Right and left eye views and the combined stereo pair image ( FlyEye )

To illustrate fact that a color image can be interchangeably thought of as consisting of either RGB or HSI color channels, the next example uses a set of satellite images of Salt Lake City. The first three are from a moderate resolution satellite that captures separate images in visible blue, green and red. Combining them as shown above with image SaltLake_1 assigned to the blue channel, SaltLake_2 to green, and SaltLake_3 to red, produces a color image as shown (the contrast has been maximized using the IP•Adjust –> Contrast plug-in with its Auto setting; this is discussed in a following section). Another image of the same scene ( SaltLake_8 ) was acquired with a different, high resolution satellite. This image is panchromatic, covering the entire visual range of colors. Inserting it into the intensity channel of the image formed by merging the three RGB images produces a result in which the overall image sharpness is improved. Human vision judges image quality primarily by the intensity variations, and tolerates lower resolution for the color information (a fact that underlies television broadcasting and image compression). Note that the original color image was created by merging RGB channels but is then treated as an HSI image to replace the intensity channel. The conversion between these color spaces is handled internally and automatically by the software.

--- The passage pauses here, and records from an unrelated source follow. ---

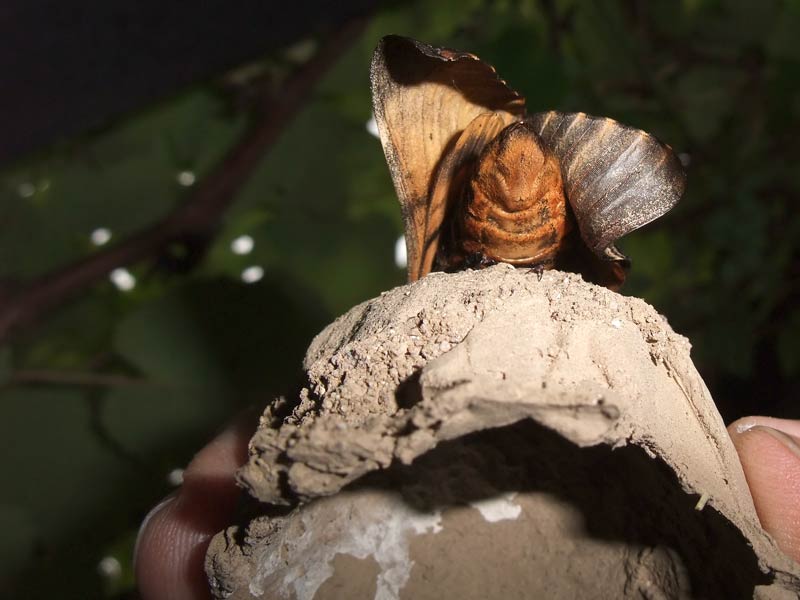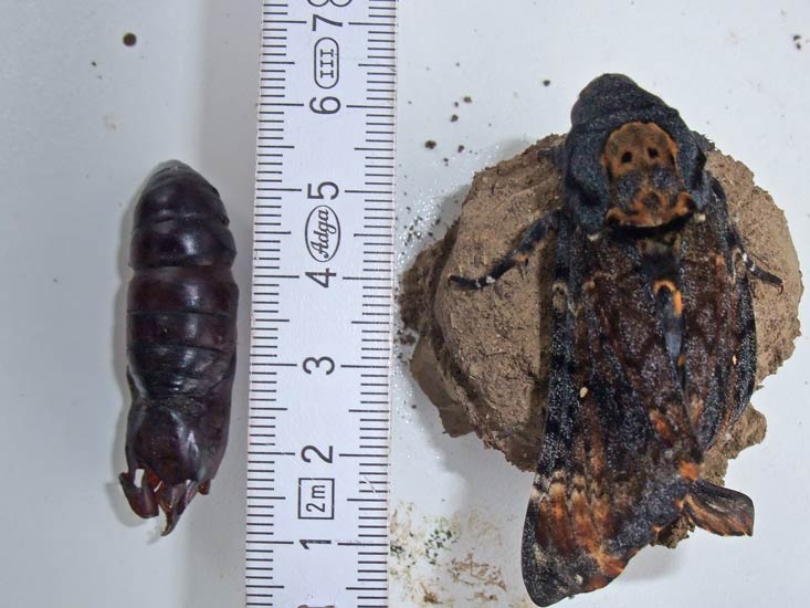 dass der Totenkopfschwärmer geschlüpft ist. Die Puppe hatte sich in der Erde
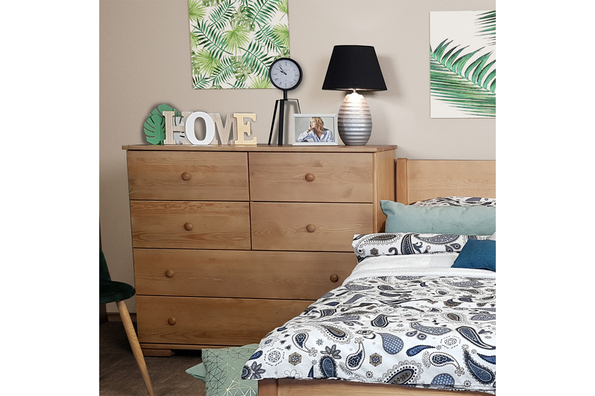 W całości zostało wykonane z litego drewna sosnowego, które - dzięki swoim wyjątkowym właściwościom - nie pokrywa się kurzem. Co więcej, jego długie nóżki tworzą między łóżkiem a podłogą sporą przestrzeń, co ułatwia odkurzanie powierzchni pod meblem. Dzięki wszystkim tym atutom zapewni Ci on wygodny, bezpieczny i zdrowy sen. Dostępny jest w kilku rozmiarach.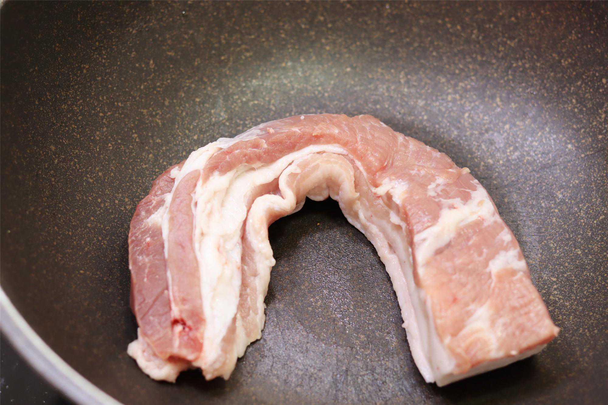 第二步:铁锅烧热,炙烤五花肉带皮的一面,直到有些焦黄卷曲,冲洗干净备用。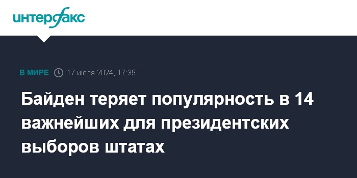 Байден теряет популярность в 14 важнейших для президентских выборов штатах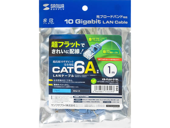 サンワサプライ カテゴリ6A フラットLANケーブル 1m ブルー KB-FL6A-01BL 1本(ご注文単位1本)【直送品】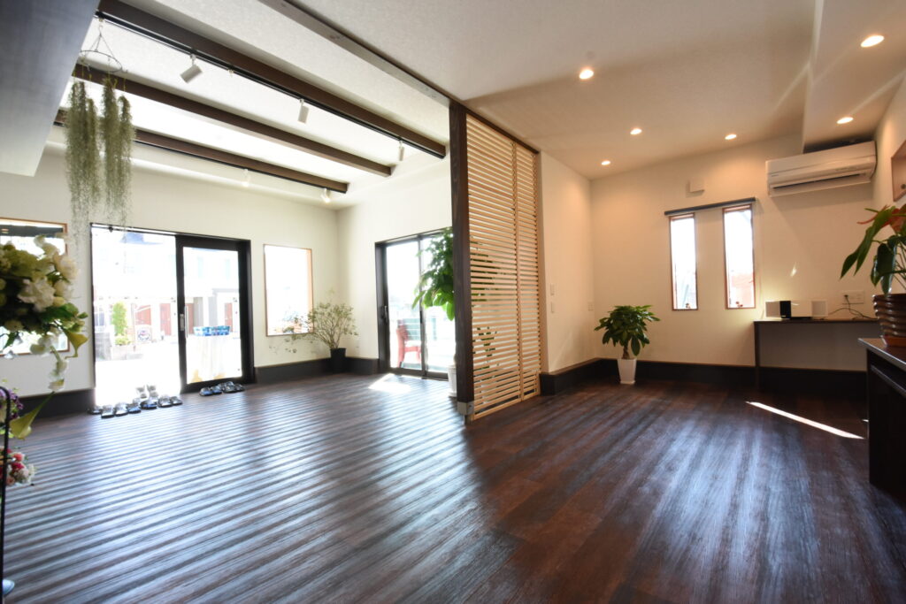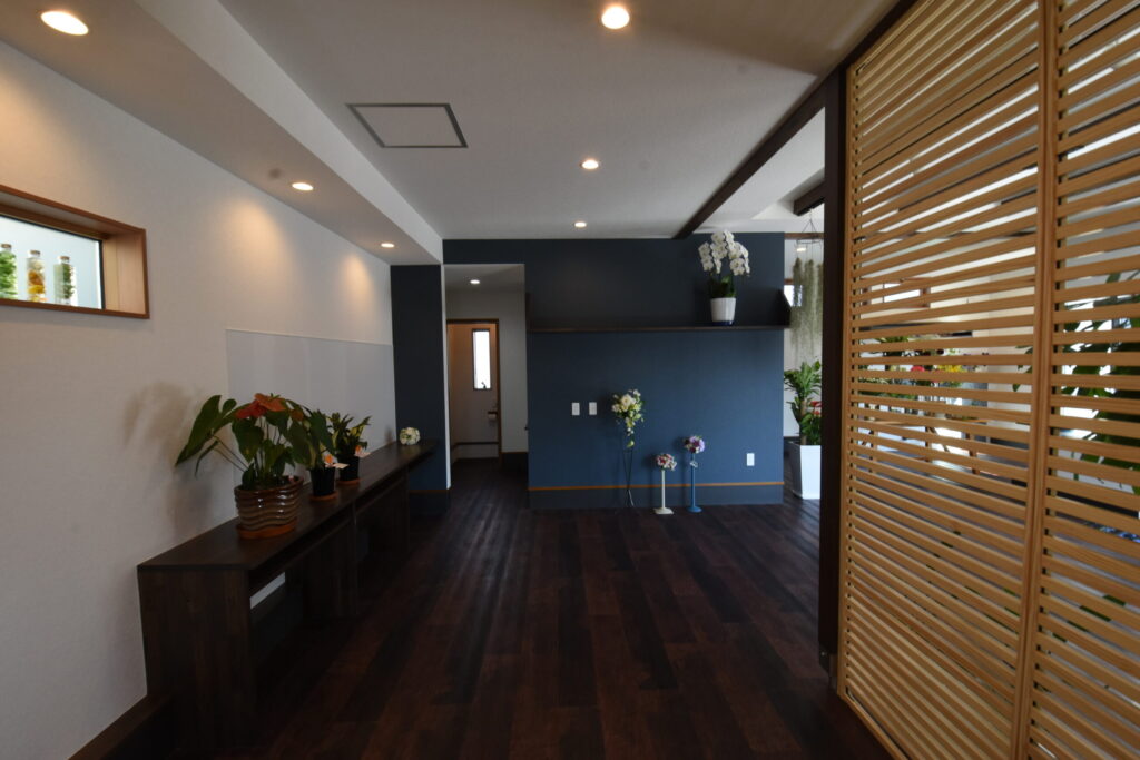 来客動線は、引き込み戸の先に広がるホールから奥の作業スペースへと緩やかにつながり、視線は木製ルーバーの引き戸でやさしくコントロール。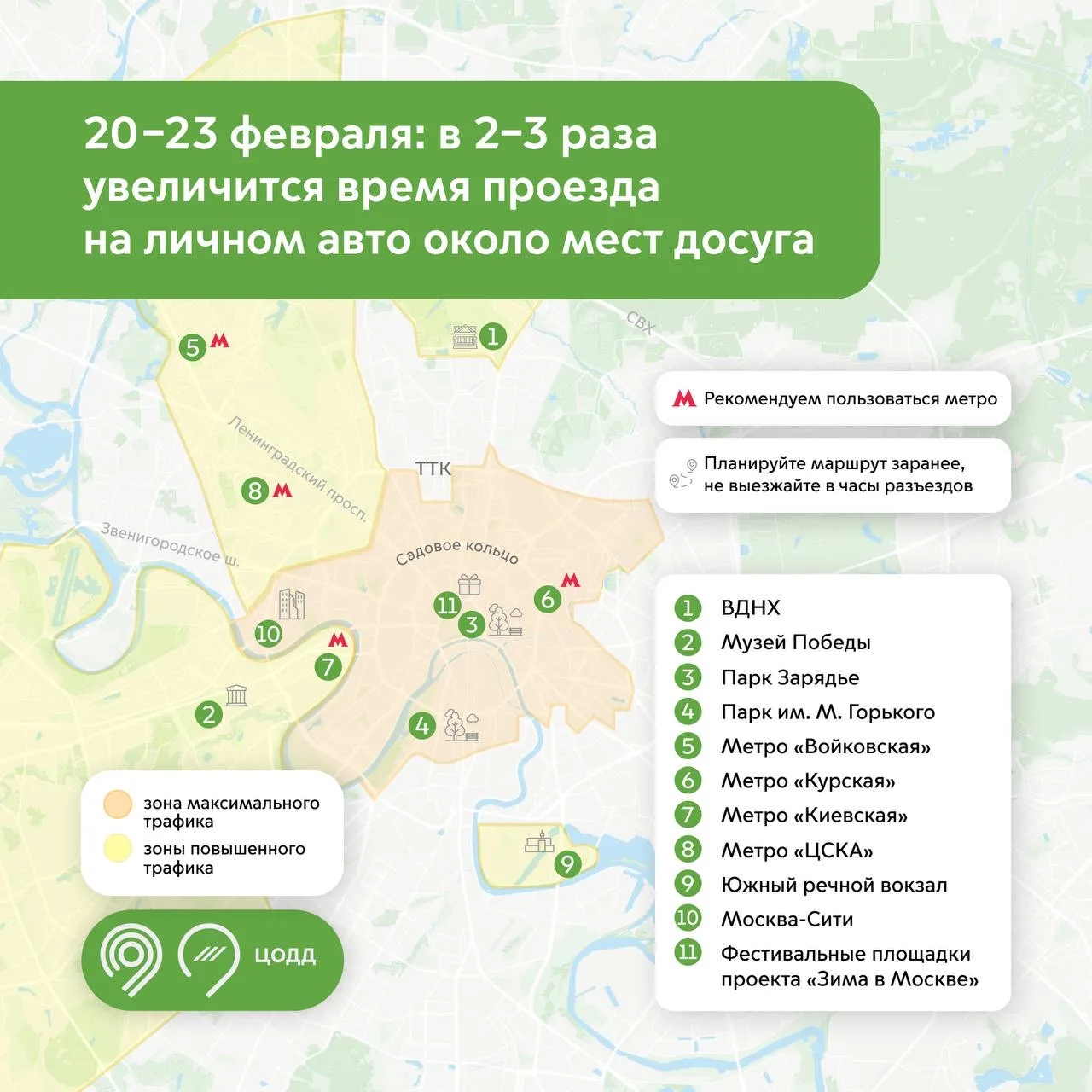 ЦОДД предупреждает: с 20 по 23 февраля движение в городе будет плотнее обычного.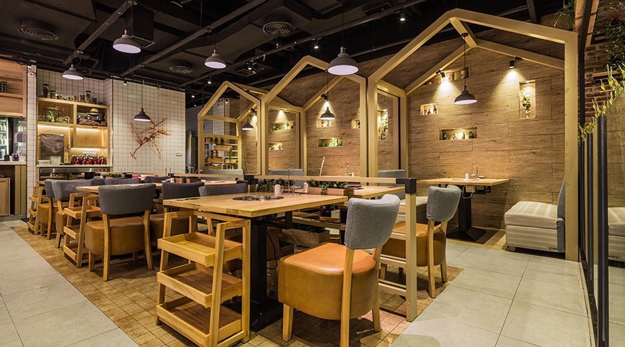 木制框架框住就餐区域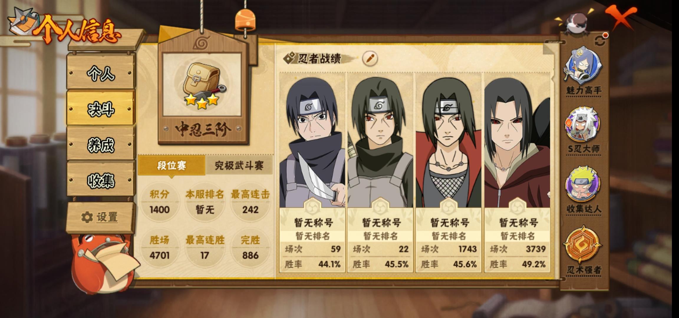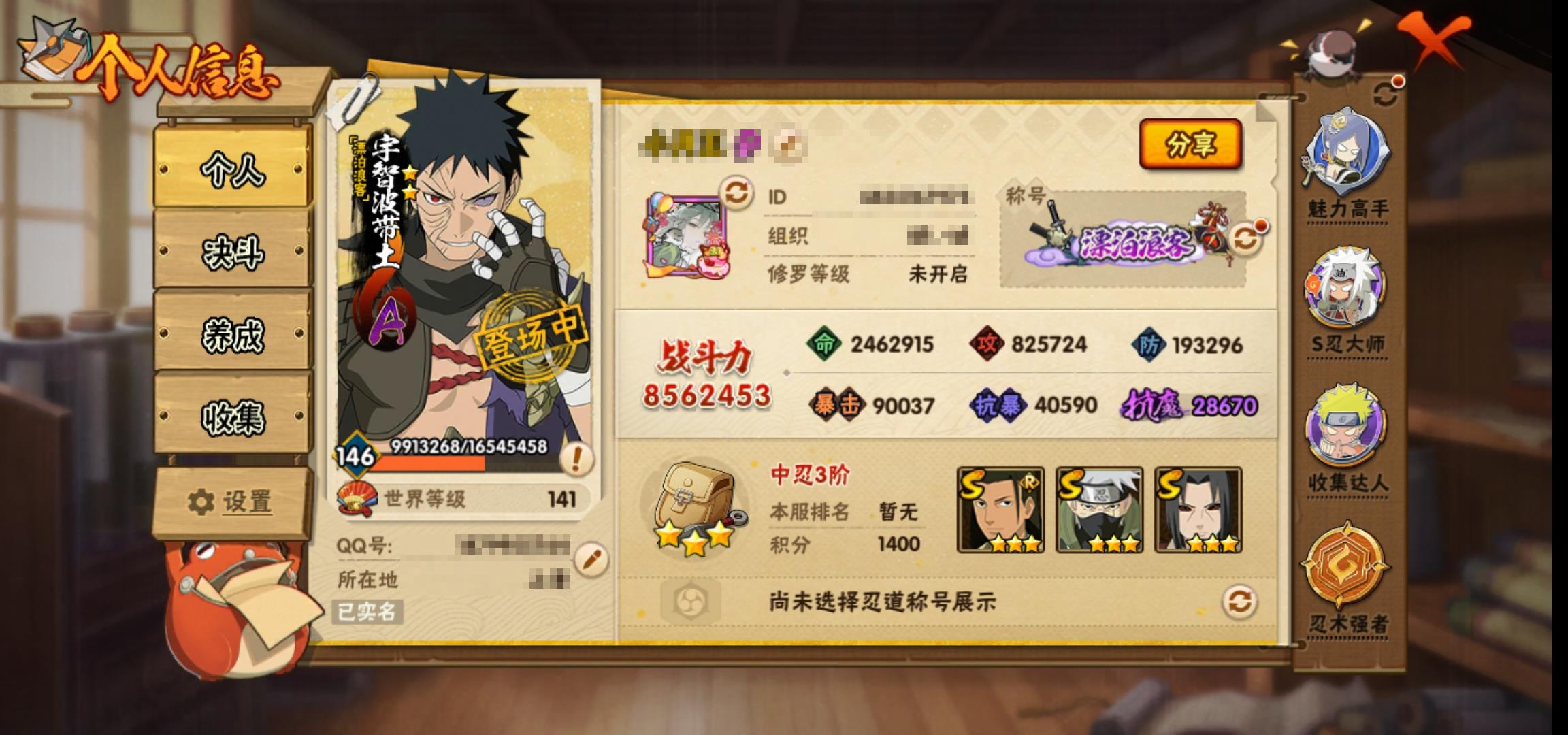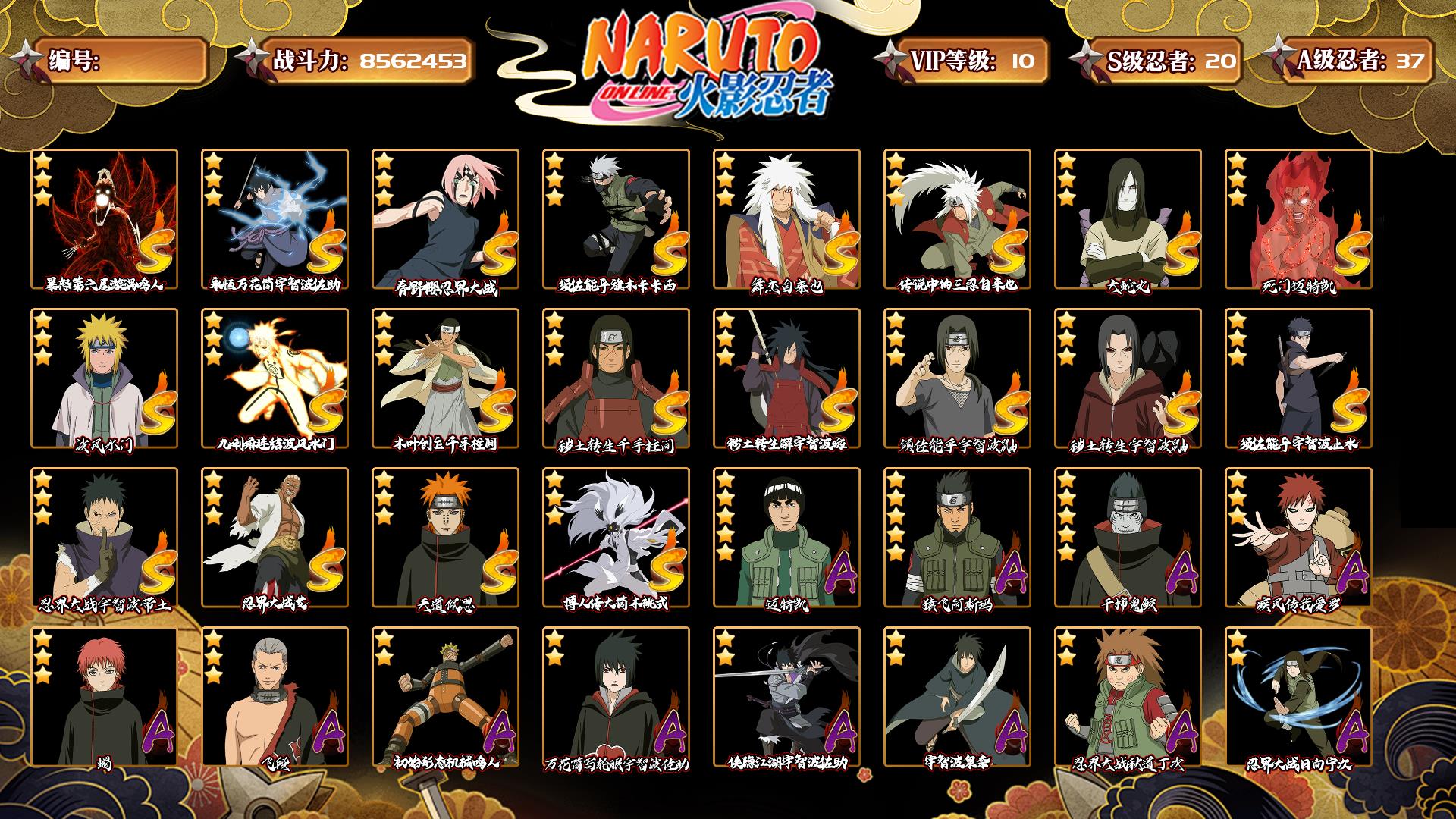[14659437]0aqksd 号 vip10,856w战力,s忍20个,a忍37个,本服排名606,战区排名未上榜,通灵兽318个,6时装,中忍3阶,忍者星数451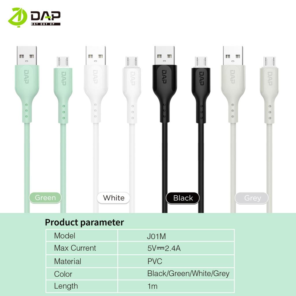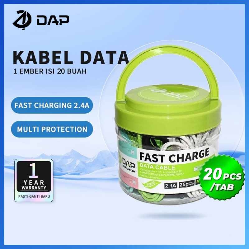 DAP DA Series Toples Kabel Data Micro, Type C & Lightning 2.4A Fast Charging 100cm Garansi Resmi 1 Tahun isi 20 Pcs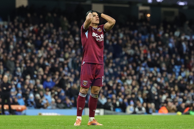 Mateus Fernandes of West Ham United reacts after a missed chance on goal during the Premier League match Manchester City vs West Ham United at Etihad Stadium, Manchester, United Kingdom, 20th December 2025, Credit:Mark Cosgrove/News Images / Avalon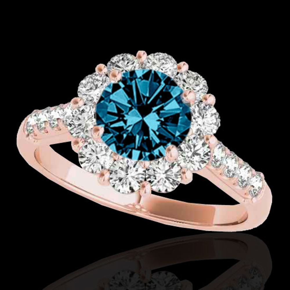 REF-209F9M - SKU: 33433 ---- 2.75 ctw SI Certified Fancy Blue Diamond Halo Ring 10k Rose Gold
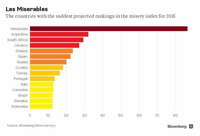 Analýza zahrnující 51 světových ekonomik (včetně eurozóny) hovoří jasně - takzvaný index bídy pro rok 2015 je v případě Venezuely více než 50krát vyšší než u "nejšťastnějšího" Thajska. Odhaduje se, že inflace v jihoamerické zemi letos zrychlí až na 78,5 %.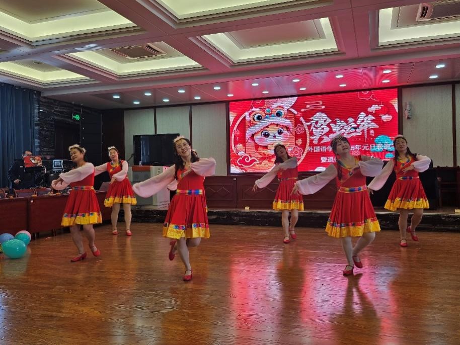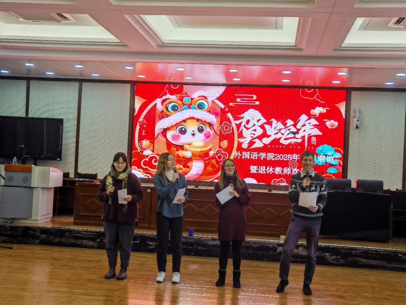 在老师们热情的欢呼声中,联谊会正式拉开帷幕。在“恭贺蛇年”的大背景下,几位研究生代表带来了激情四射的开场舞。动感有力的舞步,瞬间将现场观众的热情点燃。接着,有马真老师的男声独唱《游牧时光》、有唯美的舞蹈《娥嫚》、有外教老师的歌曲表演、有捕鱼大玩家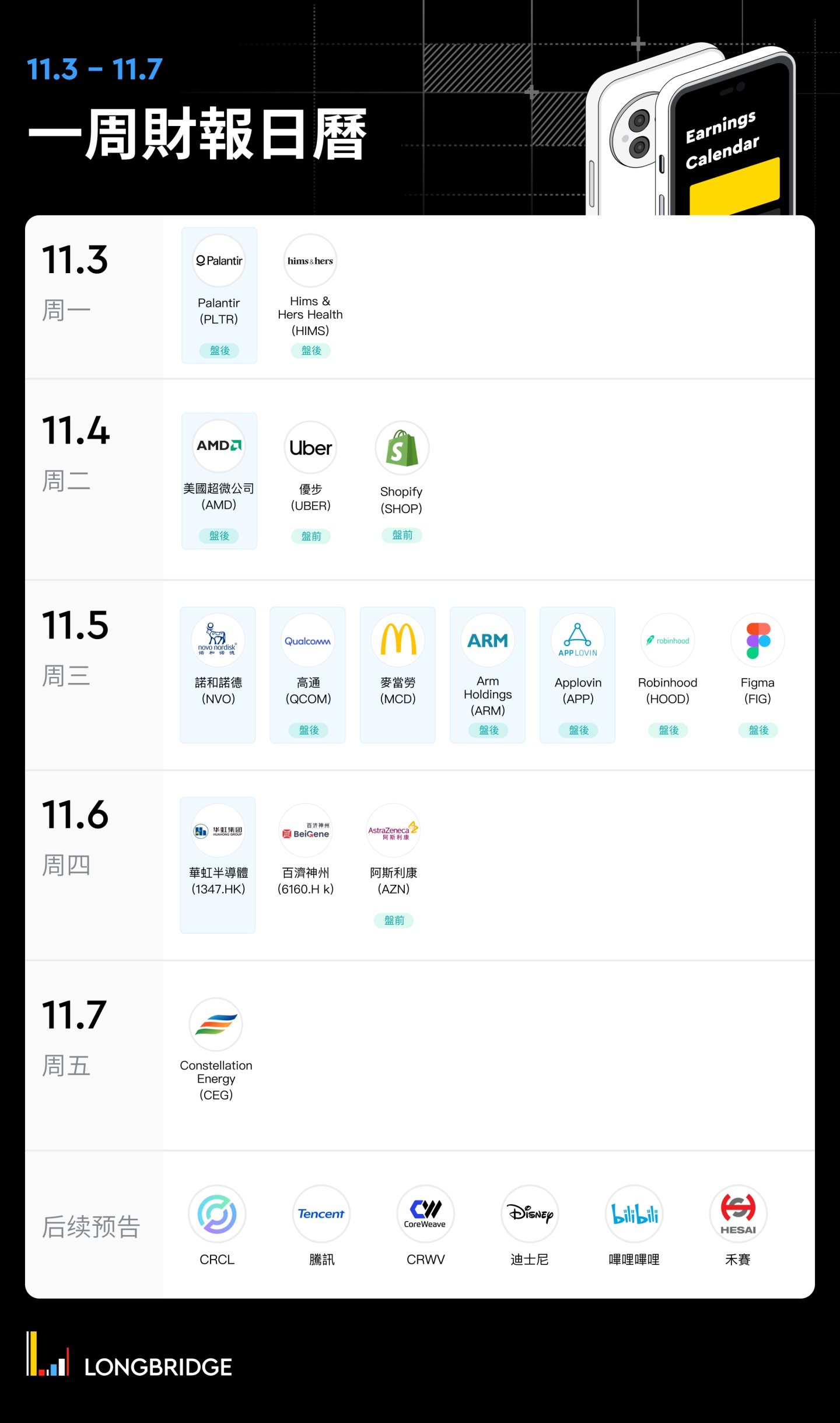 📅 一周財報日曆(11 月 3 日-11 月 7 日)一鍵保存

image-491.pict droppedImage.pict

Detail of images formed with RGB channels (left) and inserting high resolution image into I channel (right)

2.A.4. Principal Components Analysis


Color images, or in fact any images containing multiple channels of data, can be analyzed using a technique known as Principle Components Analysis (PCA). This statistical method is easiest to visualize for an RGB image. Instead of the three original red, green and blue axes along which the pixel values can be plotted, PCA finds a new set of orthogonal axes rotated to align with the principal axes of the actual data. The first axis is that along which the data have the greatest scatter or dispersion, and so forth.

One use of this tool is to find the maximum contrast available in color images. As shown in the example, the staining of the tissue provides only weak visual distinction of the various cells and nuclei. The PCA technique ( IP•Multichannel –> Compute PCA Transform ) finds the most significant axes for the information and IP•Multichannel -> Apply PCA (Forward) displays those combinations of values using the red, green and blue channels to effectively separate the structures.

image-493.pict image-494.pict

Original Turbinate image Principal components

droppedImage.pict The nine SEM X-ray maps shown in 2.A.3 (Mica_Al, Ca, Fe, K, Na, O, P, Si, Ti) can only be presented in color three-at-a-time (ultimately as noted above because humans have three kinds of cones that respond to different wavelengths, and so our computer displays use three colors). With PCA it is possible to find the most significant axes in this 9-dimensional space to show the distinct compositional phases present. They appear in the display of the three most significant channels as as red, orange, yellow, green, blue and purple regions. The covariance data matrix saved to disk shows the contribution of each elemental map to the composites, and the colocalization plots show the distribution of data points on the principal planes in the PCA axes, in which the presence of the six phase clusters can be easily distinguished.

image-299.png

Covariance matrix for the Mica dataset

image-300.png image-495.pict

Colocalization plots of channel 1 vs 2 and 3 vs 2 for the Mica data

( IP•Multichannel->Colocalization Plots )

It is also possible to select intensity ranges in the individual channels to display the areas in the original image that they represent ( IP•Multichannel->Channel Thresholding ), or to process some of the channels in the principal components data before reconstructing the original image ( IP•Multichannel->Apply PCA (Inverse)). This latter technique can sometimes be used effectively to remove artefacts from an image, since that information is often found in the low significance channels after PCA.